Well, we are off to Anaheim next week to the Dolphin's Cove Resort.  We booked this week a while back, before my wife lost her job!   We have some savings, but we definitely need to stick to a budget on this trip.  We've been socking away money (including the kids) since learning my wife would be unemployed. Looking for tips on where to get Disney tickets/packages. Probalby the only other place we'd want to go is Universal Studios. I saw some packages, but appears it also includes going to San Diego.

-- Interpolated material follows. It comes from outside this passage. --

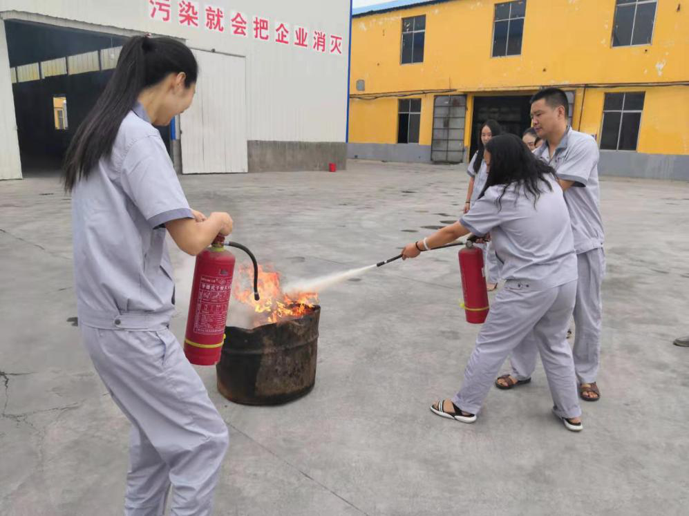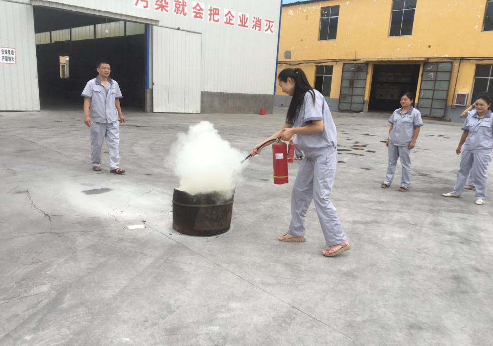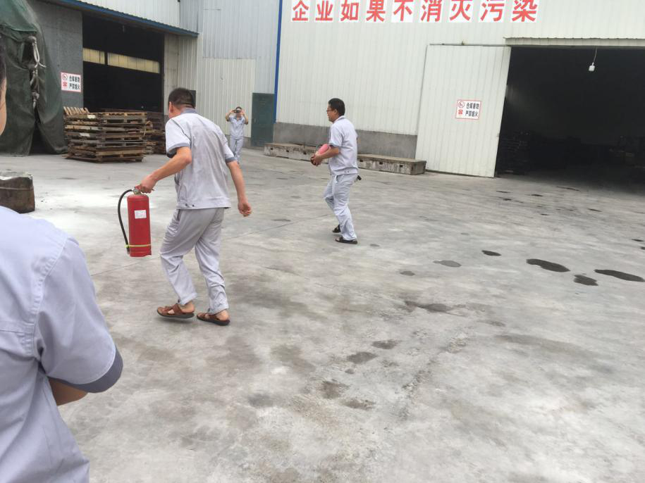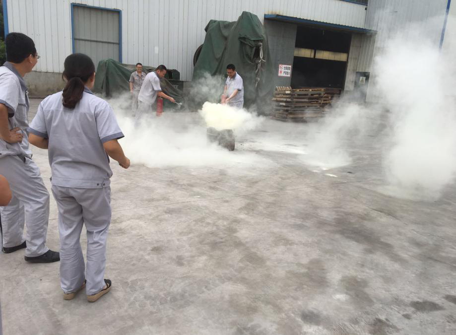7月9號(hào)上午8時(shí)00分,天氣晴好,風(fēng)力不大,根據(jù)事先安排,由安全員大聲喊,成品庫(kù)房外有起火,快速施救,聽(tīng)到喊聲,機(jī)關(guān)人員立即放下手中工作,跑到失火地方,按平時(shí)教育分工,用干粉滅火器滅火,員工按平時(shí)學(xué)習(xí)的使用方法,快速做到滅火,演練比較成功,隊(duì)員僅用5分鐘即趕到現(xiàn)場(chǎng),10分鐘演習(xí)結(jié)束。

Any tips are greatly appreciated!


----------



## luvsvacation22 (Jun 23, 2011)

pastpob said:


> Well, we are off to Anaheim next week to the Dolphin's Cove Resort.  We booked this week a while back, before my wife lost her job!   We have some savings, but we definitely need to stick to a budget on this trip.  We've been socking away money (including the kids) since learning my wife would be unemployed. Looking for tips on where to get Disney tickets/packages. Probalby the only other place we'd want to go is Universal Studios. I saw some packages, but appears it also includes going to San Diego.
> 
> Any tips are greatly appreciated!



Tickets for Disneyland Resort 
http://www.mousesavers.com/dltickets.html#arespromo


----------



## pedro47 (Jun 23, 2011)

Suggestion have you check your local Costco for discount Universal Studio for discount tickets?


----------



## Carlsbadguy (Jun 23, 2011)

Burger Kings have $15 off Universal Tickets


----------



## winger (Jun 29, 2011)

In the past I have found the Southern California Pass to be a good deal (http://www.citypass.com/southern-california).  Yes, it does include a San Diego trip but assuming you can find cheap accommodations, this package is a pretty good value.  For example, we just got friends a 4-day hopper to Disneyland through mousesavers and it costed $214. The link I sent above has a package at $276.  Costco normally sells these tickets, also (maybe a lower prices?).  Worth a look.

Sorry to hear about your wife.


----------



## puppymommo (Jun 29, 2011)

*Military discount*

You are not by any chance retired US military?  DL and WDW currently have a special for active and retired military.  A 3 day park hopper is only $99.  DD and I are going to take advantage of this next month.  Anyone interested can find info on the Disney websites.

Sorry to hear about your wife's job.


----------



## Bee (Jul 1, 2011)

A few years ago I purchased Disneyland tickets from www.getawaytoday.com They were cheaper than purchasing at the ticket booth in Disneyland. They also sell packages and tickets to other tourist spots, such as Universal Studios.


----------



## jlp879 (Jul 2, 2011)

We've found good deals at Costco and the local grocery stores.  There is a Costco a couple of miles away in Garden Grove and they usually have tickets there.

Online tickets from Disney offer more of a savings than the gate prices, plus you save time by not standing in line.


----------